A few weeks ago, I started to describe someone as one of the best characters I met this year. Which got me to thinking about and honing this list. I’m limiting myself to characters I met this year, otherwise I don’t think there’s be much room for anyone — Spenser, Hawk, Scout, Harry Dresden, Toby Daye, Ford Prefect etc. wouldn’t really allow anyone else to be talked about. These might not be my favorite people in their respective books (although most are), but they’re the best characters in terms of complexity, depth and story potential I doubt I’d like most of them in real life (and can’t imagine that any of them would enjoy me), but in novels? I can’t get enough of them.

(in alphabetical order by author)

  • Aimee de Laurent from Skyfarer by Joseph Brassey (my post about the book)– she’s smart, she’s driven, she’s compassionate, she’s powerful, she’s fallible. She also flies around in a spaceship and does magic.
  • Lori Anderson from Deep Down Dead by Steph Broadribb (my post about the book)– She’s more than Stephanie Plum without the Lucy Ricardo DNA. She’s a tough lady, a dedicated mom, and more. This bounty hunter will impress you with her guts, get your sympathy with her plight, and make you cheer as she bests her opponents (I should probably add “make you wince as she takes some brutal beatings).
  • Ali Dalglish from In the Still by Jacqueline Chadwick (my post about the book)– Ali is a certified (and possibly certifiable) genius. She’s a criminal profiler working in Vancouver, BC after nearly a couple of decades away to raise her kids. But when a serial killer’s victim is found near her home, she’s drug back into the professional world she left with the investigation. She has the most creative swearing this side of Malcom Tucker, a fantastic and fast mind, a jaded look at life, and a sense of humor that’s sure to please. Early in In the Still, she asks questions of a police officer in a public forum and pretty much ruins the poor guy — it’s one of the best scenes I read all year. If you can read that far in the book and not become a Ali fan at that point, there’s something wrong with you. If I was ranking these, I’m pretty sure she’d be #1.
  • Nick Mason from The Second Life of Nick Mason by Steve Hamilton (https://wp.me/p3z9AH-2NI)– A convicted non-violent criminal gets released early from an Illinois prison only to find himself in a different type of prison to work off his debt for being released, making him lose the “non-” in front of violent. He’s a great character, on the verge (always on the verge) of redemption and falling further.
  • Dervan du Alöbar from A Plague of Giants by Kevin Hearne (my post about the book is forthcoming) — I could’ve named about half of the point-of-view characters from this book, but Dervan eked out a win.
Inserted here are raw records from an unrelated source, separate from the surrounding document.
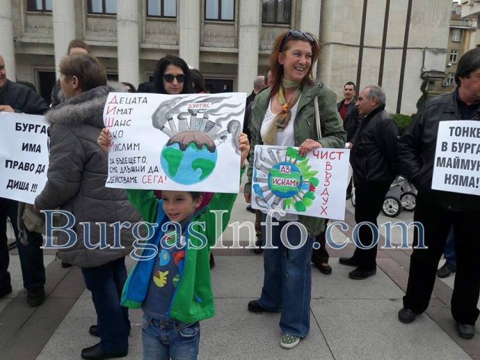 „Основото искане е правото на хората да дишат чист въздух. Второ искане е оставка на началникът на РИОСВ-Бургас Тонка Атанасова, тъй като не виждаме никакви адекватни действия и воля за установяване на огнищата, замърсяващи въздуха. Тази инстутуция не работи в интерес на гражданите“, каза един от инициаторите на днешния протест Стефан Петров.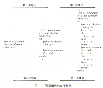 图1同时也表现了与已得到程序函为目的而解读控制结构有关的两步抽象。抽象后的程序函数和最初的预期函数应一样。尽管这个简单的例子从控制结构上就可以理解,但是在相对较大的设计院里,预期函数在验证和维护上对保证设计意图则发挥了至关重要的作用。对仅仅5-10行的语句可以一目了然,但对50或100行就不那么容易了。很明显在预期函数对保证控制结构细化的正确性是很重要的。后面详述。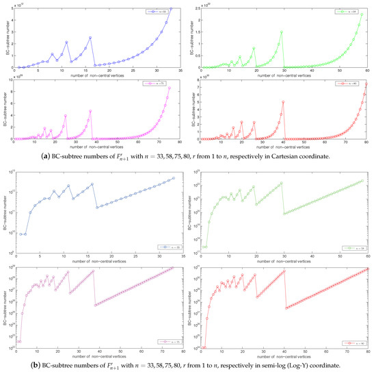 From Figure 3a, it appears that among all , seems to have the second largest BC-subtree number, and the seems to be the third largest BC-subtree number for odd (or sufficient large) n.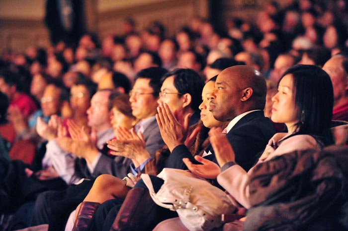 纽约金融界人士:神韵演出为中国带来希望图为他们起来鼓掌,向演员致意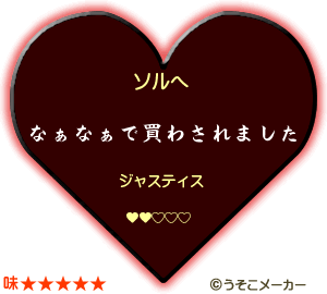 「なぁなぁで買わされました」というのと、ハートマークの赤点ッぷりが大変笑いました。 でも味は五つ星だよ、そういうところは妥協しないのかジャスティス。
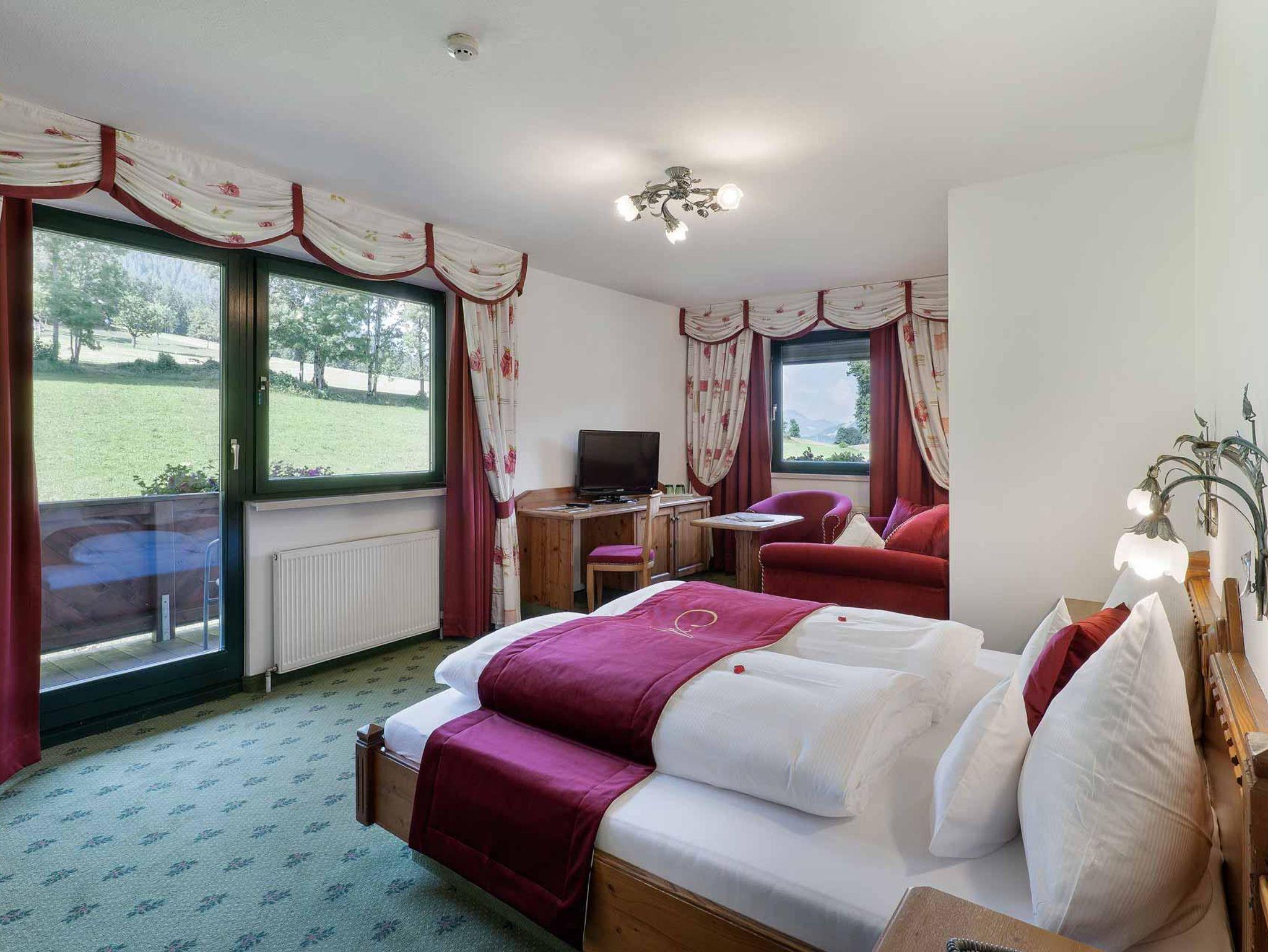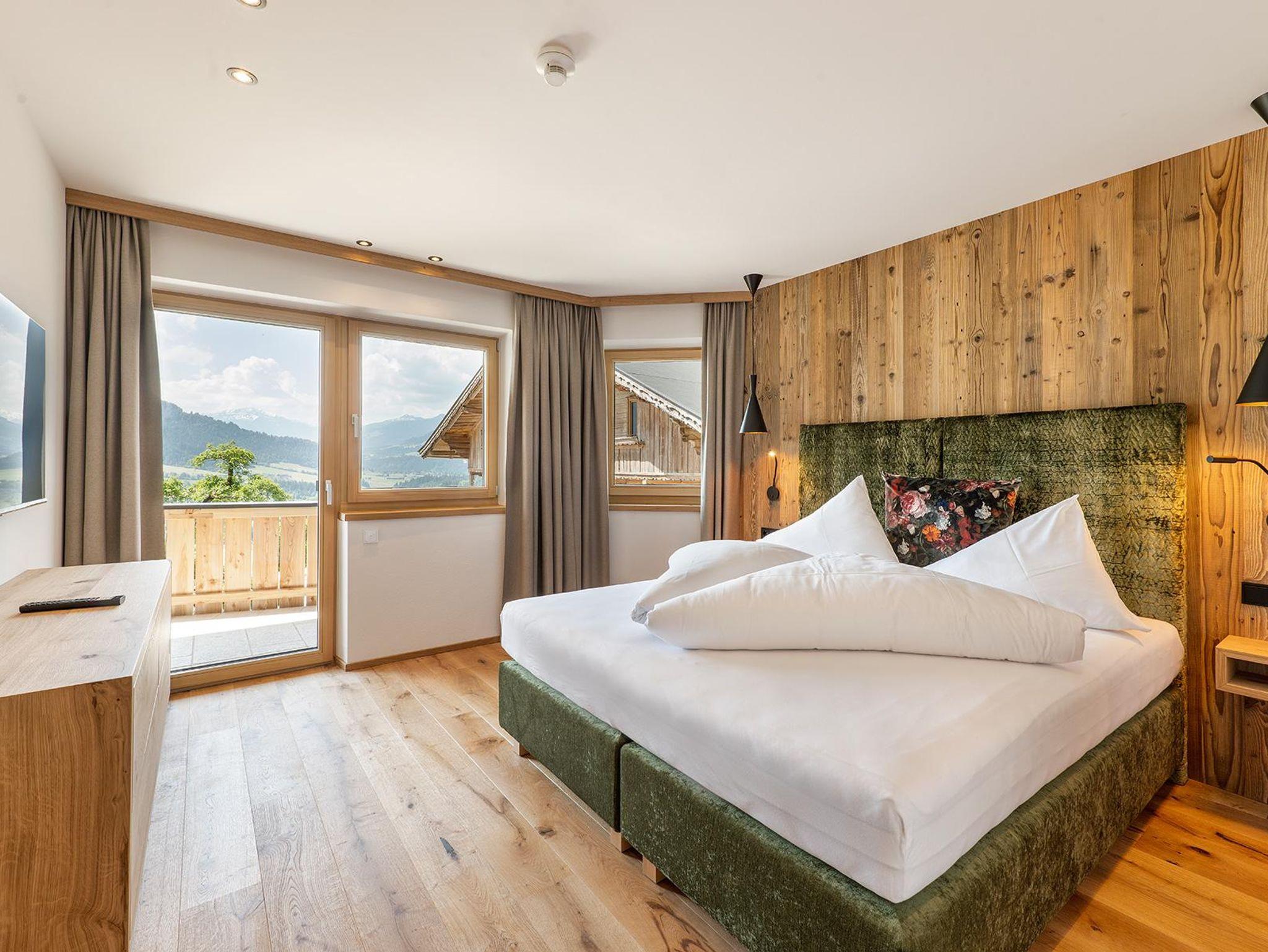 Ein gemu¨tliches Zimmer oder Suite in den Bergen beziehen unsere Ga¨ste im Hotel AlpenSchlössl. In jedem Fall kommen sie in den Genuss einer außergewo¨hnlich scho¨nen Gegend. Auch unseren herzlichen Schlo¨sslservice lassen wir ihnen immer zuteil werden, ob beim genussreichen Fru¨hstu¨ck auf der großzu¨gigen Sonnenterrasse, bei einem heiteren Gespra¨ch an der Rezeption oder bei einem edlen Tropfen an unserer Hotelbar.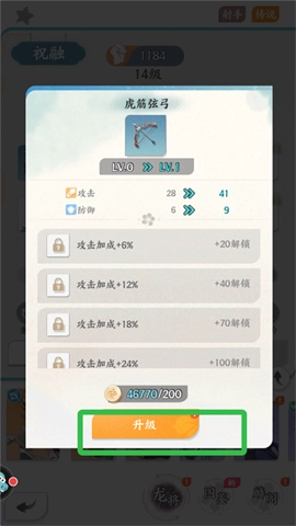 武将等级达到一定阶段后,可以解锁装备升级功能。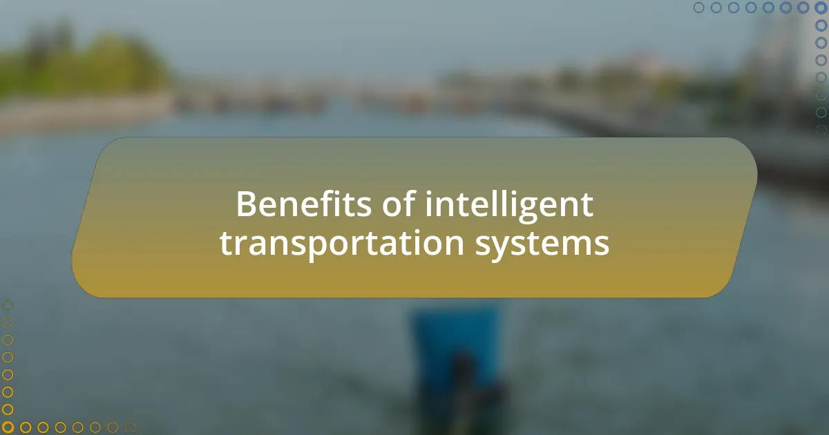 Another compelling benefit is the data-driven approach of ITS, which can streamline public transport systems. I once attended a seminar where planners discussed how they used real-time data to optimize bus routes based on user demand. This means fewer waits and more reliable service for riders. Do you appreciate the comfort of knowing a bus will arrive on time? Intelligent transportation systems make that a reality, transforming how we experience mobility in our daily lives.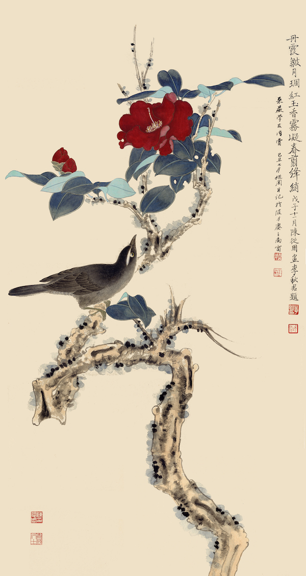 1946年,经金石家方介堪先生引荐,陈从周在画家李秋君画阁(卡德路,今石门一路)拜张大千先生为师, 两年后(1948年),陈从周在上海永安公司举办了第一次个人画展,张大千题“门人陈从周画展”,陈从周也以“一丝柳,一寸柔情”的花鸟画,蜚声沪上。书画丹青也成为与陈从周相伴一生的爱好。1980年,张大千曾经的画师网师园殿春簃的景致复制到纽约大都会艺术博物馆,这个经过陈从周反复斟酌后确定的方案在在把中国园林艺术带到世界的同时,也表达了对老师张大千的敬意。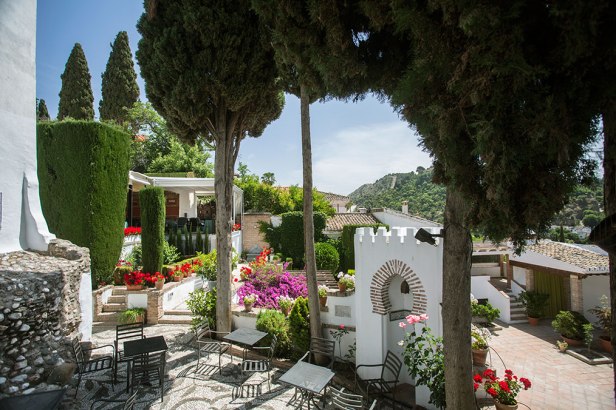 Desde sus terrazas, podemos disfrutar de una vista única, al pie como está de la Alhambra, enfrente justo del Albaicín, y dominando desde ellas el Sacromonte, y la abadía del mismo nombre.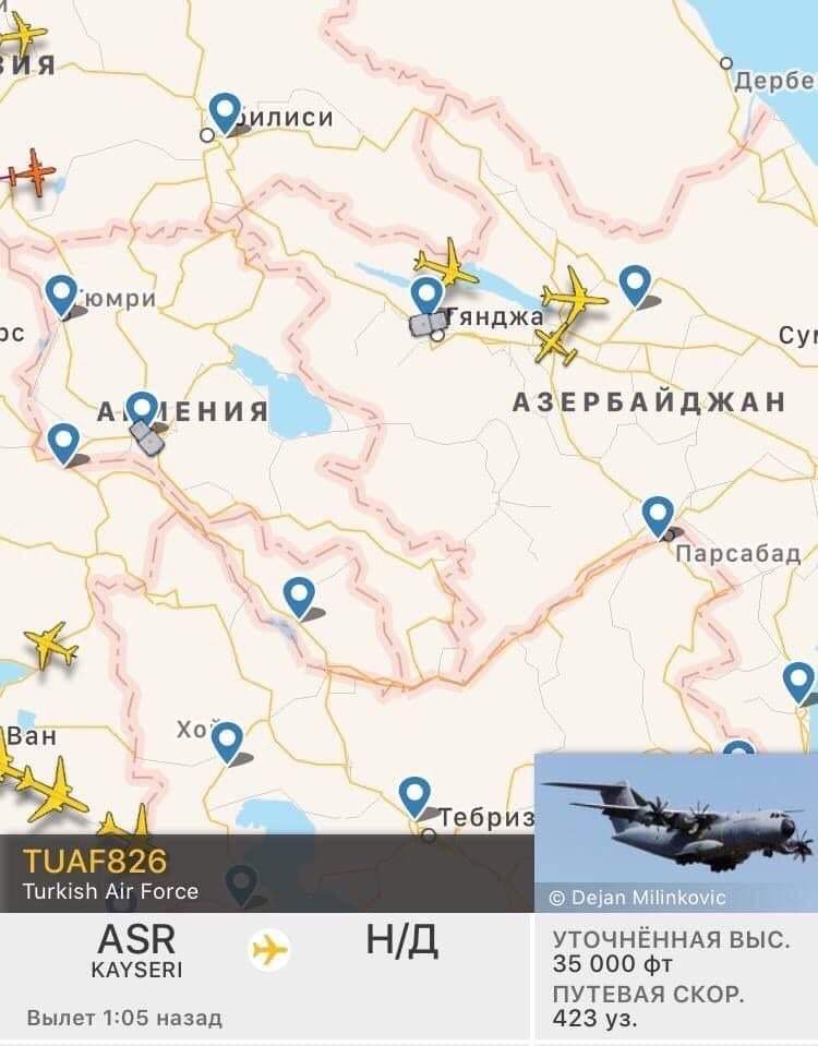 Երեկ ևս 5 ռազմական օդանավ է Թուրքիայից մեկնել Ադրբեջան։ Այսպիսով, միայն վերջին երկու օրվա ընթացքում այդ Ադրբեջան մեկնած թուրքական ռազմական օդանավարի թիվը հասել է 12-ի։ Հավանաբար, նախապատրաստվում է Ադրբեջանում Թուրքիայի ռազմաբազայի հիմնումը։

He’s a widower in mourning. A former soldier, wounded in duty, turned scholar, turned . . . well — that’s a long story. There’s something about his coming to grips with the new reality, his new vocation, his self-awareness and growth in his personal life just really clicked with me. He’s basically an unqualified fantasy hero, forced to step up and play a role in saving civilization (which actually describes many people in this book, but that’s for another day).
  • Isaiah Quintabe from IQ by Joe Ide (my post about the book)– South-Central LA’s answer to Sherlock Holmes. We meet IQ early in his career and, via flashbacks, see him begin to develop the gifts that will make him the super-detective he’s destined to become. He’s such a great take on this character, I can’t believe no one beat Ide to the punch.
  • Anci from Down Don’t Bother Me by Jason Miller (my post about the book) — yeah, her dad, Slim, is the series start and protagonist. He’s the one that goes trough all the hardship, the beatings, the investigative moves, not his 12-year-old daughter (who isn’t a young Veronica Mars clone, or Rae Spellman). But Anci is the heart and soul of the books — she’s why Slim goes to work in this field, and why he comes back. She’s smarter and wittier than any 12-year-old has any right to be (but believably so), she’s Slim’s conscience, and his reason for doing what he does.
  • LeAnne Hogan from The Right Side by Spencer Quinn (my post about the book)– comes back from Afghanistan after near-fatal injuries, and isn’t fit for the civilian life she’s thrown back into. She begins to deal with her grief and anger while hunting for the child of a dead friend with the help of a stray dog. She’ll break your heart.
  • John Rebus from Knots & Crosses by Ian Rankin (my post about the book)– Wow. How do I sum up Rebus? 2017 was the 30th anniversary of Rebus’ creation and the first year I read him. He’s a wonderful, complex character. He smokes too much, he drinks too much, he ignores the rules and regulations (and maybe even the laws) in his ongoing effort to forget about himself and his life by pouring himself into his work. Tenacious with a capital “T”, he may not be the smartest police detective you ever read, but he makes up for it through not giving up (although he’s pretty smart — especially when not drinking).
  • Hob Ravani from Hunger Makes the Wolf by Alex Wells (my post about the book)– Tough does not begin to describe this biker. She’s all about surviving on this planet that’s not at all conducive to survival — from the environment, to the economics, to the politics — there’s just nothing on the planet that wants her or her fellow Ghost Wolves to survive. But somehow she does.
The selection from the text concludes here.